My swim suit girls, front and back, my earliest 1943... the last one is 1953


----------



## Canadacan (Feb 24, 2016)

Wow nice collection Jbeas31!....I spotted a Winnipeg bottle from Blackwoods Beverages....I have all the construction photos from when they built that 7up bottler plant in 1957....one of my favorite bottlers!
Not sure why they are posting upside down?....doing it from your phone?


----------



## Jbeas31 (Feb 24, 2016)

Thanks.  

I've amassed this collection in the last 2 years.   I was bitten by the collecting bug. 

I really like all the variants of the 7up bottles. 

You have quite a few cans. 

No I uploaded them from my iPhone onto computer and it doesn't help. 


Yes I have two Canadian bottles actually. 
The Blackwoods bottle and I'm assuming all the plain shield Canadian bottles have the "R" registered in one of the bubbles where as the American bottles have it below the shield. 

I noticed that many of your bubble girl bottles have 8 bubbles above the girl and 7 on the label and neck too.  I've got one like that.   I also notice how the girl tends to get larger, in the stomach, as the years progress. 

Would you care to part with one of those "sip it slowly" bottles?

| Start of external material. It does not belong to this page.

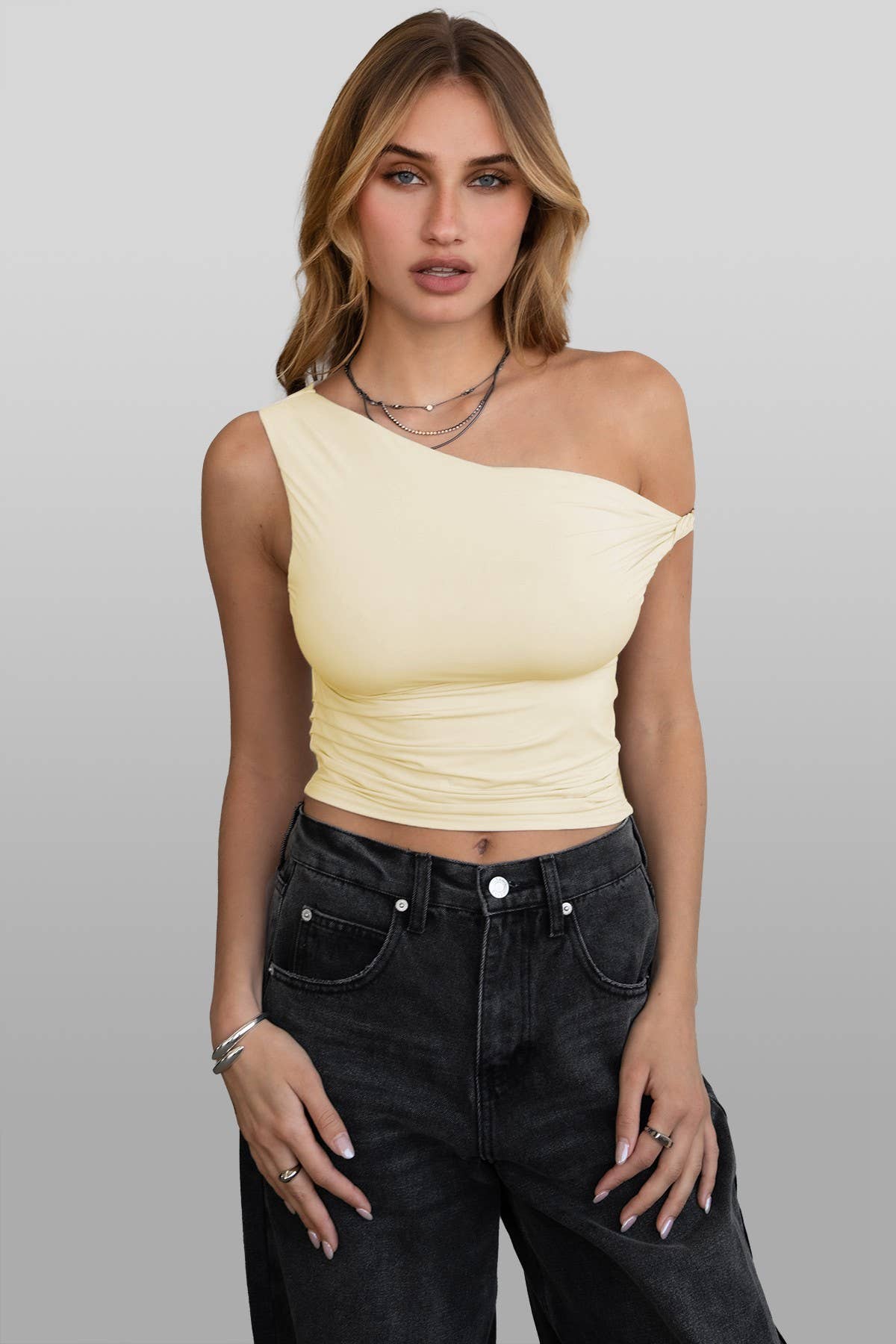 JAIME Light Weight One Shoulder Top Asymmetrical Neckline Single Off The Shoulder Twist Strap Ruching At Seams Silky Soft Stretch Slip Fabric Thin Sleek Silky Spandex Fabric

If not I understand.


----------



## Canadacan (Feb 24, 2016)

Not ready to part with any yet because the years are different, so I'm trying to document the progression. Yes the first three have the 8 bubbles above the girl, the one that came before has 8 bubble on the front and above the girl... and the 4th bottle in my pic has 7 bubble above her. Notice the first 3 she has a single foot and hands face outward?...and then on the 4th bottle she is redesigned and has two feet and hands face inward. I think I did a little post showing the progression of the bottle, I'll see if I can find it.
...........ps when you post a pic you can double click it and a window comes up with a size display option.. maybe try posting medium size and that may show it upright?...you can do that for every pic before posting.


----------



## iggyworf (Feb 25, 2016)

Jbeas that is a very impressive collection. It could be awhile until my  bottles come out of there crates. I have never had a problem with  posting pics, so I cannot help you on that part. I really like the back label of the one from Beaver Falls Pa. With the neck ring. I do have pics of alot of my bottles. I will check to see if any are good enough to post.


----------



## iggyworf (Feb 25, 2016)

Here are some more of mine. I like collecting all 7up's. I have a lot of the commemoratives also.


----------



## Jbeas31 (Feb 25, 2016)

Canadacan said:


> Not ready to part with any yet because the years are different, so I'm trying to document the progression. Yes the first three have the 8 bubbles above the girl, the one that came before has 8 bubble on the front and above the girl... and the 4th bottle in my pic has 7 bubble above her. Notice the first 3 she has a single foot and hands face outward?...and then on the 4th bottle she is redesigned and has two feet and hands face inward. I think I did a little post showing the progression of the bottle, I'll see if I can find it.
> ...........ps when you post a pic you can double click it and a window comes up with a size display option.. maybe try posting medium size and that may show it upright?...you can do that for every pic before posting.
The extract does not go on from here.